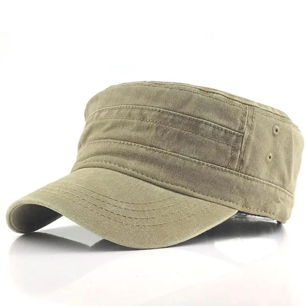 Мужская винтажная бейсболки из промытого хлопка шапка с плоским верхом, Классическая Регулируемая более толстая крышка, в стиле милитари
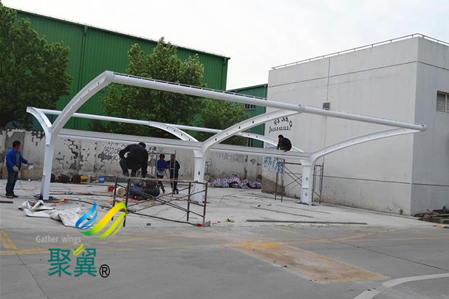 膜結構車棚的防震性是眾所周知的,并且膜結構的裝置快捷、造型優美、膜結構車棚施工周期短、曲面多變性,膜結構車棚變形才能和擴張性導致抗震功能比傳統車棚強一萬倍之多,這也和膜結構車棚的結構組成分不開的。
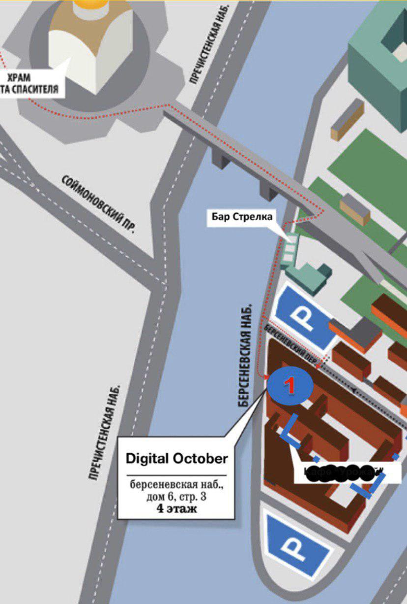 📍На всякий ещё раз схема проезда: Digital October – Берсеневская Набережная, 6 ст. 3. На схеме цифрой 1 обозначен нужный двор (после моста по Берсеневской набережной, потом свернуть к Берсеневскому переулку и напротив Cofix в арку). В этом дворе будет стеклянная дверь с указателем FrontendConf рядом и надписью Deworkacy сверху. Это нужная дверь! 4 этаж.
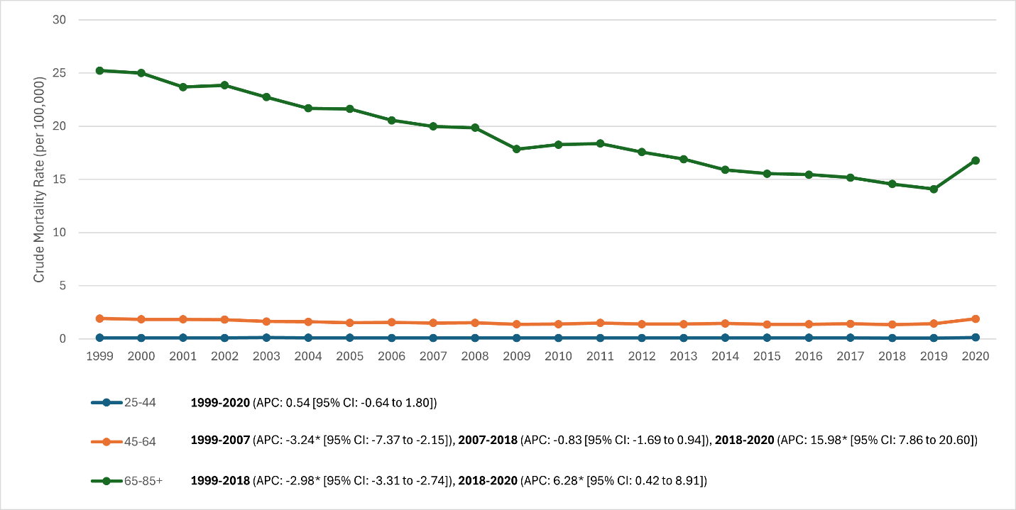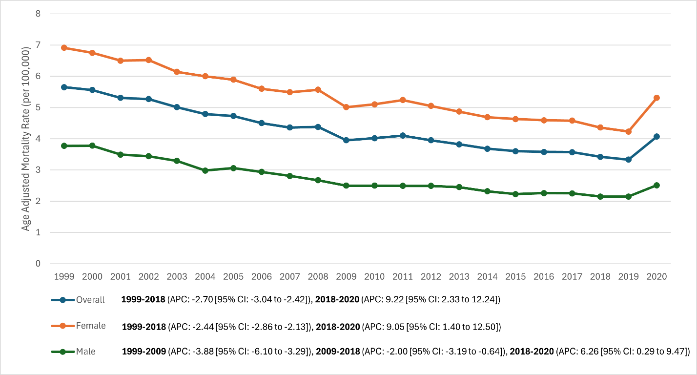 - Asian/Pacific Islander: Lowest mortality; 44 (1999) to ~1.2 (2017–2018) → 1.87 (2020). No joinpoint; continuous decline –2.36%/year (1999–2020; P < 0.001). The 2020 rise was modest relative to other groups.

* YOUR GOAL *
Quote precisely the lines of the data from the line containing "膜結構車棚的防震性是眾所周知" through its final line, both included, excluding pictures.

* ANSWER SECTION *
 膜結構車棚的防震性是眾所周知的,并且膜結構的裝置快捷、造型優美、膜結構車棚施工周期短、曲面多變性,膜結構車棚變形才能和擴張性導致抗震功能比傳統車棚強一萬倍之多,這也和膜結構車棚的結構組成分不開的。
 📍На всякий ещё раз схема проезда: Digital October – Берсеневская Набережная, 6 ст. 3. На схеме цифрой 1 обозначен нужный двор (после моста по Берсеневской набережной, потом свернуть к Берсеневскому переулку и напротив Cofix в арку). В этом дворе будет стеклянная дверь с указателем FrontendConf рядом и надписью Deworkacy сверху. Это нужная дверь! 4 этаж.
 - Asian/Pacific Islander: Lowest mortality; 44 (1999) to ~1.2 (2017–2018) → 1.87 (2020). No joinpoint; continuous decline –2.36%/year (1999–2020; P < 0.001). The 2020 rise was modest relative to other groups.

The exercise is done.